So Randy, now that you have had the PortaBoat for awhile, are you still as taken with it?
Any complaints or recommendations?

Happy Trails,
Doug


----------



## Castle Rock Outbackers (Jan 18, 2004)

Just one complaint. The oars should not be used for propulsion. They should be used only when your outboard dies. Porta-Boting is a pleasure when burning gas, not calories.

Randy


----------



## skippershe (May 22, 2006)

I have a little 7' sailing dinghy called a "Fatty Knees" It can be sailed or rowed and I have a little 2hp outboard motor for it as well. My dh refuses to get in it...well, it is a bit tippy









My little dinghy is affectionately named "Crack of Dawn"

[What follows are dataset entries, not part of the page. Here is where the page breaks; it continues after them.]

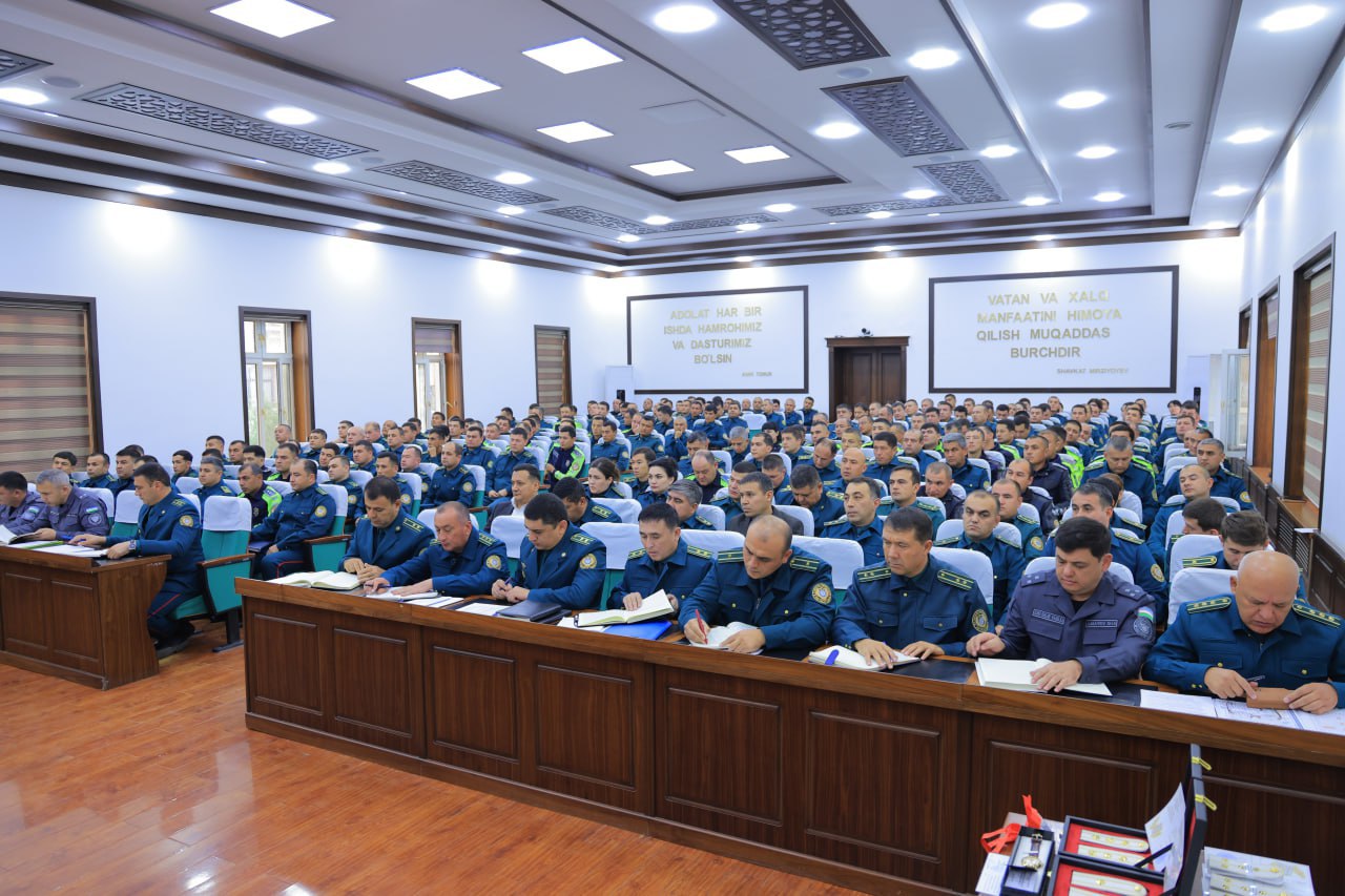 Йиғилишда, хизмат интизомини мустаҳкамлаш, ички тартиб ва назоратни кучайтириш зарурлиги таъкидланди. Бошқарма раҳбари масъулларга жамоавий масъулиятни ошириш, ҳар бир ходимнинг фуқаролар осойишталиги йўлидаги хизматини янада самарали ташкил этиш бўйича кўрсатмалар берди.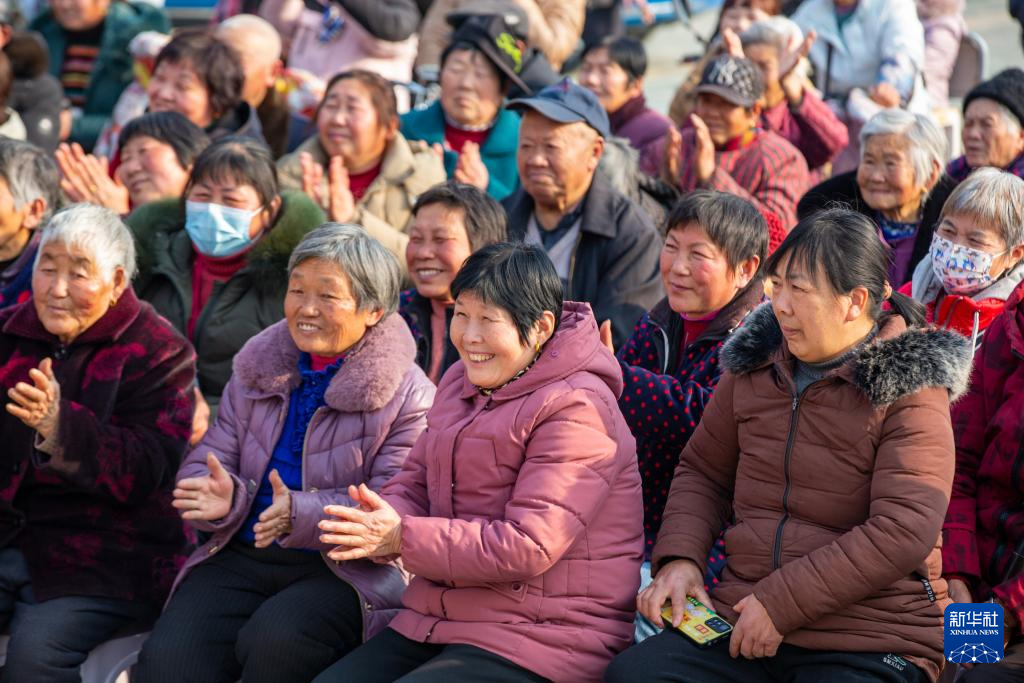 2月11日,江苏省海安市胡集街道园庄村村民在“村晚”上欣赏文艺节目。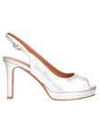 Sandalo elegante L'Amour by Albano da donna in ecopelle laminata argento con sottopiede in pelle e fondo in vero cuoio tacco di 9cm con plateau di 2cm.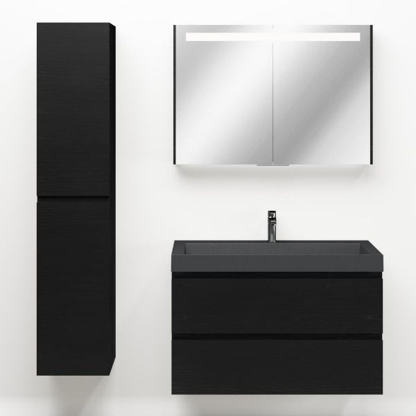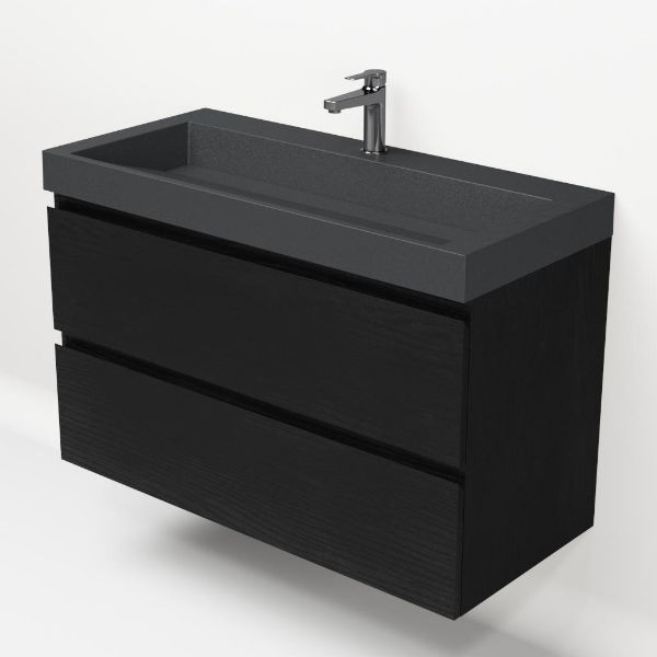 Greeploos badkamermeubel in de kleur zwart mat eiken is 100 cm breed. De wastafel is vervaardig in quartz en heeft de kleur grijs mat quartz. Dit badkamermeubel met deze wastafel is leverbaar tussen de 60 cm t/m 140 cm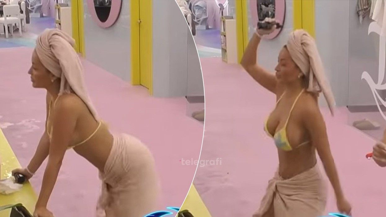 Në një çast, edhe Fjolla iu bashkua vallëzimit, ndërsa Londrimi, i cili ndodhej në dush, reagoi me lëvizje ritmike.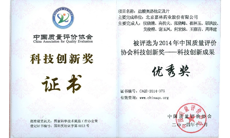 • “鹽酸奧洛他定及片”榮獲“科技創(chuàng)新成果優(yōu)秀獎”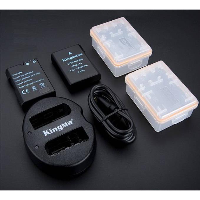 Cameras & Flycam > Phụ kiện máy ảnh > Đế pin || [Mã 44ELSALE2 giảm 7% đơn 300K] Combo 2 pin 1 sạc đôi Kingma EN-EL14Còn hàng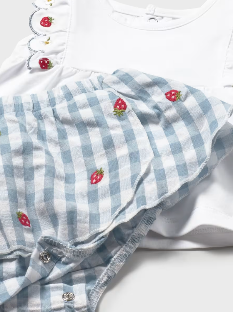 Gingham Skirt with Embroidered Top Set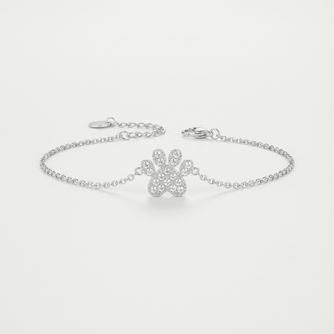 La zampa centrale, dal design curato e armonioso, cattura subito l’attenzione grazie al pavé scintillante che aggiunge luce e personalità al bracciale. Un accessorio delicato ma d’effetto, ideale da indossare ogni giorno per donare un tocco affettuoso e moderno al proprio look.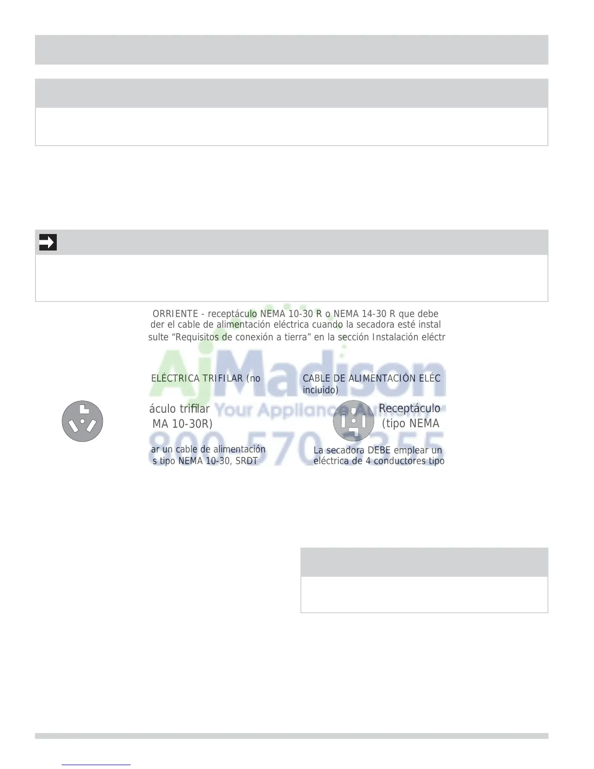 RECEPTÁCULO DEL TOMACORRIENTE - receptáculo NEMA 10-30 R o NEMA 14-30 R que debe estar ubicado en un

see them here: http://fattyknees.com/


----------



## HootBob (Apr 26, 2004)

Castle Rock Outbackers said:


> Just one complaint. The oars should not be used for propulsion. They should be used only when your outboard dies. Porta-Boting is a pleasure when burning gas, not calories.
> 
> Randy


Amen to that for any boat









Don


----------



## campmg (Dec 24, 2005)

skippershe said:


> I have a little 7' sailing dinghy called a "Fatty Knees" It can be sailed or rowed and I have a little 2hp outboard motor for it as well. My dh refuses to get in it...well, it is a bit tippy
> 
> 
> 
> ...


Skippershe, you bring a wealth of information to this forum. That little boat is pretty cute. How much does it weigh and what do they cost?


----------



## skippershe (May 22, 2006)

campmg said:


> I have a little 7' sailing dinghy called a "Fatty Knees" It can be sailed or rowed and I have a little 2hp outboard motor for it as well. My dh refuses to get in it...well, it is a bit tippy
> 
> 
> 
> ...


Skippershe, you bring a wealth of information to this forum. That little boat is pretty cute. How much does it weigh and what do they cost?
[/quote]
If you go to their website, on the left you can click on We Accept Inquiries, then you can choose catalog and pricing list and they'll send you both. I can't tell you the exact weight, but I can tell you that myself and another person can easily lift it and carry it no problem. I happened to be working at Boater's World 7 years ago, when a customer came in and mentioned that they had a dinghy for sale. At the time, I had no idea what a Fatty Knees was, but I found out that I got a great deal on it. I can't remember, but I believe I got it for $400.00. Brand new, I'm going to guess around $1500.00. Have them send you a catalog, they're free


----------



## Oregon_Camper (Sep 13, 2004)

think I'll keep my eye out for one of these. Kids are getting too big to all fit in the canoe and we all love getting on a small lake and catching some trout.


----------